WORK REQUEST.
You are asked to write out the entries exactly as they are given.

BEGIN DATA SUPPLIED

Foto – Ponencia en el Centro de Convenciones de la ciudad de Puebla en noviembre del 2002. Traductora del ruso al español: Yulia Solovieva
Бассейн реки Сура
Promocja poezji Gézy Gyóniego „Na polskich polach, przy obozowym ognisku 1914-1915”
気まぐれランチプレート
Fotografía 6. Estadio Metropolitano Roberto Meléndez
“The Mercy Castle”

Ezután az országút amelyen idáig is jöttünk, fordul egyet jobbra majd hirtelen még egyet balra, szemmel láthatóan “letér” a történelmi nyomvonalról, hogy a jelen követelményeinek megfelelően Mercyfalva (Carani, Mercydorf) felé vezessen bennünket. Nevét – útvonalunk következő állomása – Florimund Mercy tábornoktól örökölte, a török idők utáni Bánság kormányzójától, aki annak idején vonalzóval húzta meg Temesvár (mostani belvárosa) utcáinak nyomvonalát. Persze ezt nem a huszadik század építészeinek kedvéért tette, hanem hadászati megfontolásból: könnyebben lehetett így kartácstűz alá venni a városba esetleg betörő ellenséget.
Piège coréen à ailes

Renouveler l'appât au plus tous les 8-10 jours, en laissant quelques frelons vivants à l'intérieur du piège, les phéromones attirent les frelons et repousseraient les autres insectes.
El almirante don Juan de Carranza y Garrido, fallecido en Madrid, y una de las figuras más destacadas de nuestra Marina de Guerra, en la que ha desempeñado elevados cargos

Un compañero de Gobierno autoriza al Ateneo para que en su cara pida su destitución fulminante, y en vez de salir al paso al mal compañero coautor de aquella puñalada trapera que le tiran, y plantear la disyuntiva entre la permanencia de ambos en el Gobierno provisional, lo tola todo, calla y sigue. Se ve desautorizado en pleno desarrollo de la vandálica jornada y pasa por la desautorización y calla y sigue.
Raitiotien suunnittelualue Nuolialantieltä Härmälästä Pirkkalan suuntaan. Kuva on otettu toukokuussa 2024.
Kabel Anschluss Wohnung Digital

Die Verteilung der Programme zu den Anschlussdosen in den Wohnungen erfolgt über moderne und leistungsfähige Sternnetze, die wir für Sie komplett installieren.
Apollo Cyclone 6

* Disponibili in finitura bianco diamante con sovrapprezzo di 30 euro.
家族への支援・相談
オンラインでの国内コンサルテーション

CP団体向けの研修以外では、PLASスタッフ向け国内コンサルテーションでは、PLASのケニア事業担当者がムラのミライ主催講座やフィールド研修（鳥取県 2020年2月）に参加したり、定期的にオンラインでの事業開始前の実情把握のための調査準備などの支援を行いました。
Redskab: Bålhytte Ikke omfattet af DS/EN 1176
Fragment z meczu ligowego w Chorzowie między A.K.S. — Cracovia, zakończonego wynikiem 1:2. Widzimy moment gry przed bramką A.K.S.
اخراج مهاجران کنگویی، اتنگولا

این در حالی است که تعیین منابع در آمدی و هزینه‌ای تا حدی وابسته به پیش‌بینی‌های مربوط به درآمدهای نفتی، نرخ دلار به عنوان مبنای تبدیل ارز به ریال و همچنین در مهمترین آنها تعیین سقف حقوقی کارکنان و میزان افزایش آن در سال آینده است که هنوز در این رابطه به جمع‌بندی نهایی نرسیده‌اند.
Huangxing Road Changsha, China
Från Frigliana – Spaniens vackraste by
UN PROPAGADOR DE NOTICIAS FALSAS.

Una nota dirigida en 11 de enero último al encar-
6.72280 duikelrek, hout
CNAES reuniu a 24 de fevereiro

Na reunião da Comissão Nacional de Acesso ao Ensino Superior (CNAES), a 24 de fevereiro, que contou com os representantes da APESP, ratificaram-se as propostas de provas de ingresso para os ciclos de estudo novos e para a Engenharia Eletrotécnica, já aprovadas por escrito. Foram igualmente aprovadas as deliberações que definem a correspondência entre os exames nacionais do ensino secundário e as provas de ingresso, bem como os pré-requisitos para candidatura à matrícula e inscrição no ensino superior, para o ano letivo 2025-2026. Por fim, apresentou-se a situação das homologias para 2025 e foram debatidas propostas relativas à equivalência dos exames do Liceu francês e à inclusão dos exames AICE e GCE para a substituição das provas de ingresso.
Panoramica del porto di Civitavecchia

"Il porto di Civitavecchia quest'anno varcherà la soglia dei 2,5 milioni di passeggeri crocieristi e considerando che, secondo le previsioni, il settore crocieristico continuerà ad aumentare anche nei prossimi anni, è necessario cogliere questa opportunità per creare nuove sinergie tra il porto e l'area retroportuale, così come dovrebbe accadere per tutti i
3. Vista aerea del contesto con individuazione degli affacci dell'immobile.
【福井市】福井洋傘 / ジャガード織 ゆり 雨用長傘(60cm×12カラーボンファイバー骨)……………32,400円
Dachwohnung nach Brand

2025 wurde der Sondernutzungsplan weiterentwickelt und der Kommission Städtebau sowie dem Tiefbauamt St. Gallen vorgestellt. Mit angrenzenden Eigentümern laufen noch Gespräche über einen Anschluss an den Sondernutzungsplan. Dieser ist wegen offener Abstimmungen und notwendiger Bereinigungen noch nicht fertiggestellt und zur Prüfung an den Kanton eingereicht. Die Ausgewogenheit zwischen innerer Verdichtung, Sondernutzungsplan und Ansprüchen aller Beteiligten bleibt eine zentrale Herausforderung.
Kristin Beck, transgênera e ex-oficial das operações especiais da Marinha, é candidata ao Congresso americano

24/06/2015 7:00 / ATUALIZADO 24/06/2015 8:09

END DATA SUPPLIED

PROBLEM SOLUTION.
Foto – Ponencia en el Centro de Convenciones de la ciudad de Puebla en noviembre del 2002. Traductora del ruso al español: Yulia Solovieva
Бассейн реки Сура
Promocja poezji Gézy Gyóniego „Na polskich polach, przy obozowym ognisku 1914-1915”
気まぐれランチプレート
Fotografía 6. Estadio Metropolitano Roberto Meléndez
“The Mercy Castle”

Ezután az országút amelyen idáig is jöttünk, fordul egyet jobbra majd hirtelen még egyet balra, szemmel láthatóan “letér” a történelmi nyomvonalról, hogy a jelen követelményeinek megfelelően Mercyfalva (Carani, Mercydorf) felé vezessen bennünket. Nevét – útvonalunk következő állomása – Florimund Mercy tábornoktól örökölte, a török idők utáni Bánság kormányzójától, aki annak idején vonalzóval húzta meg Temesvár (mostani belvárosa) utcáinak nyomvonalát. Persze ezt nem a huszadik század építészeinek kedvéért tette, hanem hadászati megfontolásból: könnyebben lehetett így kartácstűz alá venni a városba esetleg betörő ellenséget.
Piège coréen à ailes

Renouveler l'appât au plus tous les 8-10 jours, en laissant quelques frelons vivants à l'intérieur du piège, les phéromones attirent les frelons et repousseraient les autres insectes.
El almirante don Juan de Carranza y Garrido, fallecido en Madrid, y una de las figuras más destacadas de nuestra Marina de Guerra, en la que ha desempeñado elevados cargos

Un compañero de Gobierno autoriza al Ateneo para que en su cara pida su destitución fulminante, y en vez de salir al paso al mal compañero coautor de aquella puñalada trapera que le tiran, y plantear la disyuntiva entre la permanencia de ambos en el Gobierno provisional, lo tola todo, calla y sigue. Se ve desautorizado en pleno desarrollo de la vandálica jornada y pasa por la desautorización y calla y sigue.
Raitiotien suunnittelualue Nuolialantieltä Härmälästä Pirkkalan suuntaan. Kuva on otettu toukokuussa 2024.
Kabel Anschluss Wohnung Digital

Die Verteilung der Programme zu den Anschlussdosen in den Wohnungen erfolgt über moderne und leistungsfähige Sternnetze, die wir für Sie komplett installieren.
Apollo Cyclone 6

* Disponibili in finitura bianco diamante con sovrapprezzo di 30 euro.
家族への支援・相談
オンラインでの国内コンサルテーション

CP団体向けの研修以外では、PLASスタッフ向け国内コンサルテーションでは、PLASのケニア事業担当者がムラのミライ主催講座やフィールド研修（鳥取県 2020年2月）に参加したり、定期的にオンラインでの事業開始前の実情把握のための調査準備などの支援を行いました。
Redskab: Bålhytte Ikke omfattet af DS/EN 1176
Fragment z meczu ligowego w Chorzowie między A.K.S. — Cracovia, zakończonego wynikiem 1:2. Widzimy moment gry przed bramką A.K.S.
اخراج مهاجران کنگویی، اتنگولا

این در حالی است که تعیین منابع در آمدی و هزینه‌ای تا حدی وابسته به پیش‌بینی‌های مربوط به درآمدهای نفتی، نرخ دلار به عنوان مبنای تبدیل ارز به ریال و همچنین در مهمترین آنها تعیین سقف حقوقی کارکنان و میزان افزایش آن در سال آینده است که هنوز در این رابطه به جمع‌بندی نهایی نرسیده‌اند.
Huangxing Road Changsha, China
Från Frigliana – Spaniens vackraste by
UN PROPAGADOR DE NOTICIAS FALSAS.

Una nota dirigida en 11 de enero último al encar-
6.72280 duikelrek, hout
CNAES reuniu a 24 de fevereiro

Na reunião da Comissão Nacional de Acesso ao Ensino Superior (CNAES), a 24 de fevereiro, que contou com os representantes da APESP, ratificaram-se as propostas de provas de ingresso para os ciclos de estudo novos e para a Engenharia Eletrotécnica, já aprovadas por escrito. Foram igualmente aprovadas as deliberações que definem a correspondência entre os exames nacionais do ensino secundário e as provas de ingresso, bem como os pré-requisitos para candidatura à matrícula e inscrição no ensino superior, para o ano letivo 2025-2026. Por fim, apresentou-se a situação das homologias para 2025 e foram debatidas propostas relativas à equivalência dos exames do Liceu francês e à inclusão dos exames AICE e GCE para a substituição das provas de ingresso.
Panoramica del porto di Civitavecchia

"Il porto di Civitavecchia quest'anno varcherà la soglia dei 2,5 milioni di passeggeri crocieristi e considerando che, secondo le previsioni, il settore crocieristico continuerà ad aumentare anche nei prossimi anni, è necessario cogliere questa opportunità per creare nuove sinergie tra il porto e l'area retroportuale, così come dovrebbe accadere per tutti i
3. Vista aerea del contesto con individuazione degli affacci dell'immobile.
【福井市】福井洋傘 / ジャガード織 ゆり 雨用長傘(60cm×12カラーボンファイバー骨)……………32,400円
Dachwohnung nach Brand

2025 wurde der Sondernutzungsplan weiterentwickelt und der Kommission Städtebau sowie dem Tiefbauamt St. Gallen vorgestellt. Mit angrenzenden Eigentümern laufen noch Gespräche über einen Anschluss an den Sondernutzungsplan. Dieser ist wegen offener Abstimmungen und notwendiger Bereinigungen noch nicht fertiggestellt und zur Prüfung an den Kanton eingereicht. Die Ausgewogenheit zwischen innerer Verdichtung, Sondernutzungsplan und Ansprüchen aller Beteiligten bleibt eine zentrale Herausforderung.
Kristin Beck, transgênera e ex-oficial das operações especiais da Marinha, é candidata ao Congresso americano

24/06/2015 7:00 / ATUALIZADO 24/06/2015 8:09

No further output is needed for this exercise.